Пять стадий Египта
Поездку в Египет я откладывал годами. Подобно герою романа «Наоборот» Жану дез Эссенту, я слишком хорошо представлял, что меня там ждет. Только почти полное отсутствие альтернатив и компания добрых друзей заставили меня наконец отправиться в трехнедельное путешествие. Однако, пройдя все стадии принятия неизбежного, я был вознагражден
Отрицание: Александрия
Неладное началось уже на въезде в город. Люди по обочинам словно специально дожидались приближения нашей машины, чтобы броситься наперерез. На самом деле они просто надеялись, что водитель «мерседеса» не станет поддавать газу, а может, даже и притормозит, и решали, что сейчас самое время рвануть навстречу судьбе, то есть под колеса.
Их тактику я понял потом, когда испуганной газелью перебегал многополосную набережную Корниш, главную транспортную артерию города. На ее 20 км приходится примерно три с половиной пешеходных перехода. В них действительно нет никакого смысла: большинство водителей в Александрии «дальтоники» – на мелких перекрестках все едут со всех сторон одновременно, невзирая на светофоры. Зато у них очень тонкий слух: они умудряются понять, кто, кому и по какому поводу посигналил.
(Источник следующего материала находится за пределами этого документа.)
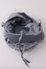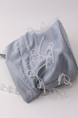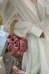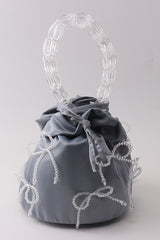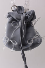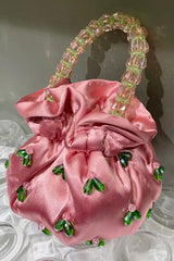 This crystal embellished fabric tote. Embellished with teardrop-shaped crystals and features beaded handles!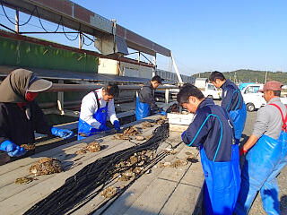 2Aのインターンシップの様子です。牡蠣の垂下作業実習,定置網に入った魚の出荷作業やカンパチの消毒や魚体測定,船体の手入れなどの実習を体験しました。他にもダイビングショップ,うなぎの加工場での実習を行いました。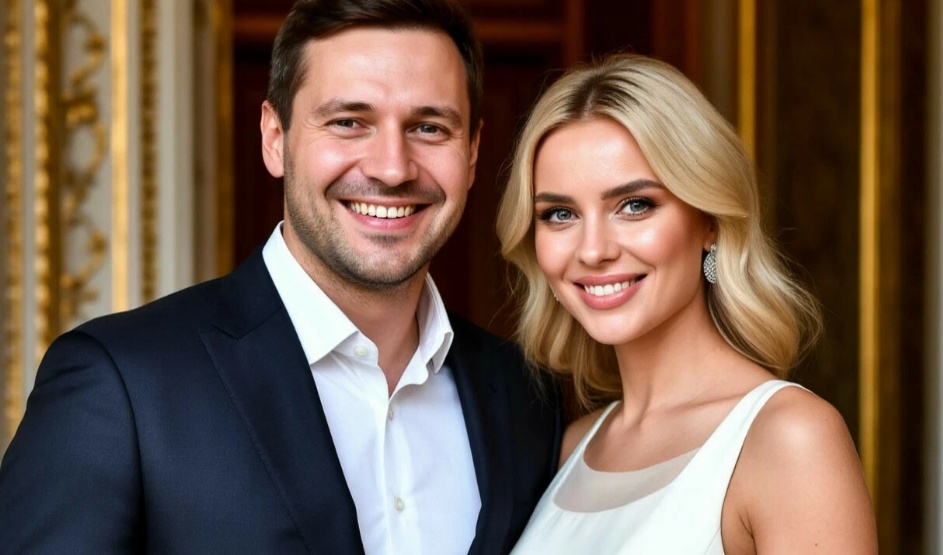 — подпись: «Известный предприниматель Андрей К. и его невеста Алина отмечают помолвку».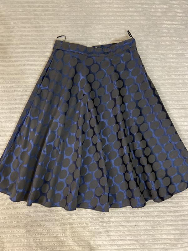 Юбка клеш (полусолнце) с двумя карманами. Застегивается сбоку на молнию. Интересный цвет - сочетание матового и глянцевого синего. Интересно переливается на свету. Состояние отличное, одета один раз. Ширина по поясу 33см Длина 60см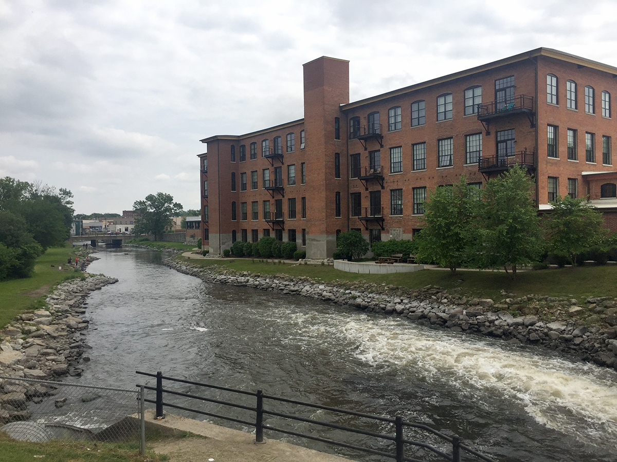The river then doglegs into downtown in a narrow corridored-like fashion with riffly current pushing and pulling you downstream. Soon after the watertower, the banks grow to a steep rock wall on both sides, and you’ll see the West Mill Street bridge in front of the Kraft Factory. This is the best drop of the trip. Take the right chute to ride the gentle but splashy wave (prepare to get wet). That Kraft mill rapid is intimidating not for the surf but because the current is fast, leading you to the trees beyond. Currently, (no pun intended) there are two crappy trees to negotiate (the ones Joe is trying to get removed and where the Harley dude wiped out). At these levels, they were easy enough to get by without portaging in a kayak, but a canoe would probably be more difficult due to your own height in the boat. The first tree will take some work to remove but the second tree/branch is small and a sawzall should take care of things (gift idea for any of my family reading this!) In the meantime, navigate both on river-left and portage river-left if you can’t make it under the second (and though smaller, the more awkward of the two to negotiate).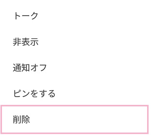 アカウントを削除してunknownになったユーザーとのトークルームを削除したい場合は、トーク一覧で対象のトークをタップしたままメニューを出し「削除」をタップします。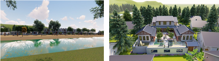 首先运用高分遥感技术对柳庄村进行测绘,再以特色塑造为核心目标,从山水格局、空间形态和文化风貌三个维度构建框架,设计特色建筑、文化活动广场、山间小木屋、沙滩公园等特色景观,为村庄带来经济效益、生态效益和社会效益。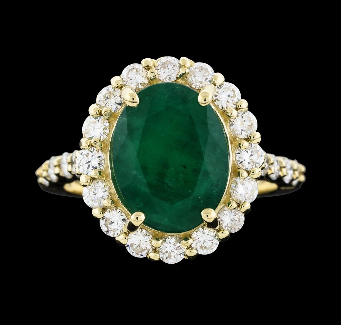 One electronically tested 14KT yellow gold lady's cast fashion ring with a cathedral shank with a halo with a bright polish finish. The featured lady's ring has a shank measuring 2.10 millimeters wide. Identified with markings of '14K'. Condition is new, good workmanship. Containing: One prong set oval modified mixed cut natural emerald, measuring 11.65 x 9.00 x 5.90mm, (depth est.) 10%. bulge factor, approximate weight of 3.98ct., clarity is heavily included, medium dark, moderately strong, green color, (GIA G 6/4), cut is good. Transmitting light somewhat diffusely, transparent to translucent. Indications of oil residue. Naturally occurring internal & external characteristics are present. Colored gemstones are presumed to have been subjected to commonly used enhancement processes. Graded in the setting. Sixteen prong set round brilliant cut diamonds, measuring 2.30 - 2.20 x 1.35mm (depth est.) approximate total weight of 16 Stones = 0.67ct. Graded in the setting. Clarity SI-1 to I-1. Color: H - I Cut Good Twelve prong set round brilliant cut diamonds, measuring 2.10 - 2.00 x 1.23mm (depth est.) approximate total weight of 12 Stones = 0.38ct. Graded in the setting. Clarity SI-1 to SI-3. Color: H - I Cut Good. Total Weight of Colored Stones 3.98ct.. Total Weight of Diamonds 1.05ct.. Total Weight of Ring 5.50gm. GAS Appraised at $6,855.00.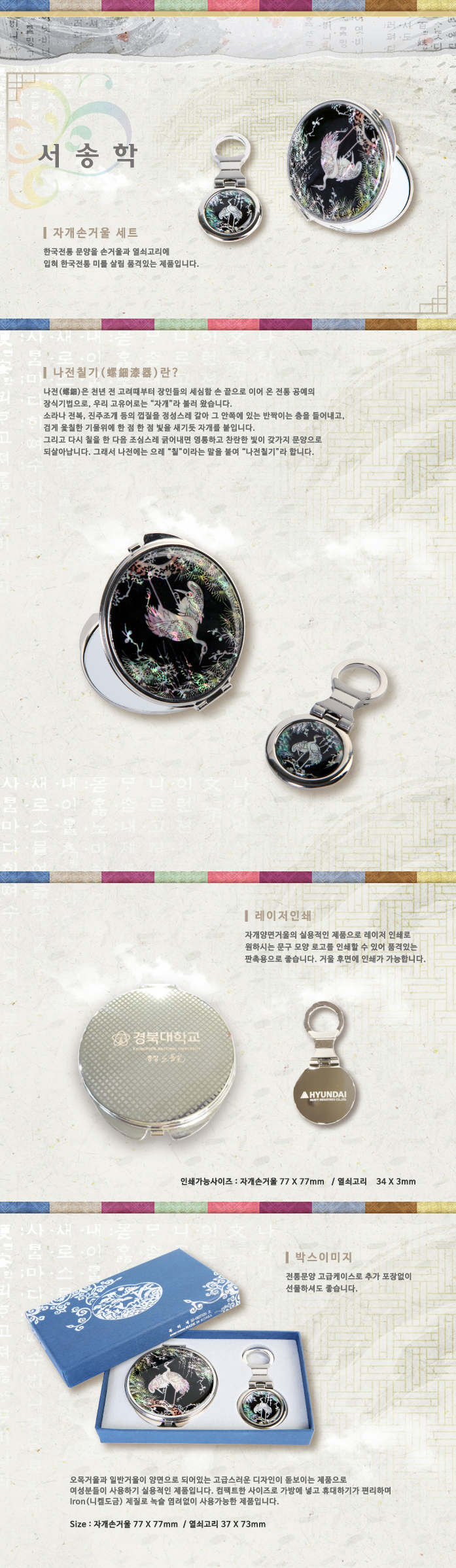 송학,서송학,손거울세트,열쇠세트,열쇠,거울세트,휴대거울,휴대용손거울,손거울,손잡이손거울,나전칠기,예공,예공쉘크래프츠

И это притом, что звук не прекращается никогда – ведь египетский автомобиль не сдвинется с места, если не нажать на гудок. К тому же пара-тройка иностранных трупов в день для пятимиллионной Александрии – не более чем статистическая погрешность.
«Веточка Европы, привитая к Африке» для Генри Мортона, «задворки Европы» для Кавафиса, «пять рас, пять языков, дюжина помесей» для Лоренса Даррелла – Александрия, как свая на пристани ракушками, обросла таким толстым слоем литературных ассоциаций, что отделить реальность от поэтического образа города непросто. Стенать по Александрии как Европе, которую мы потеряли, – глупая затея. Она ею никогда в действительности не была, а уж если и была, то точно не к нашему приезду отринула все европейское и погрузилась в хаос восточного базара. Даррелл пишет: «Магазины на Рю Фуад – парижский блеск, парижская изысканность», – и тут же рассказывает, как в бедном квартале, где упал загнанный верблюд, его рубят на куски прямо на улице, живого. Конечно, парижский блеск потускнел, но владельцы местных антикварных лавок всё так же начищают хрусталь светильников, а напротив их витрин мясники разделывают тушу барана.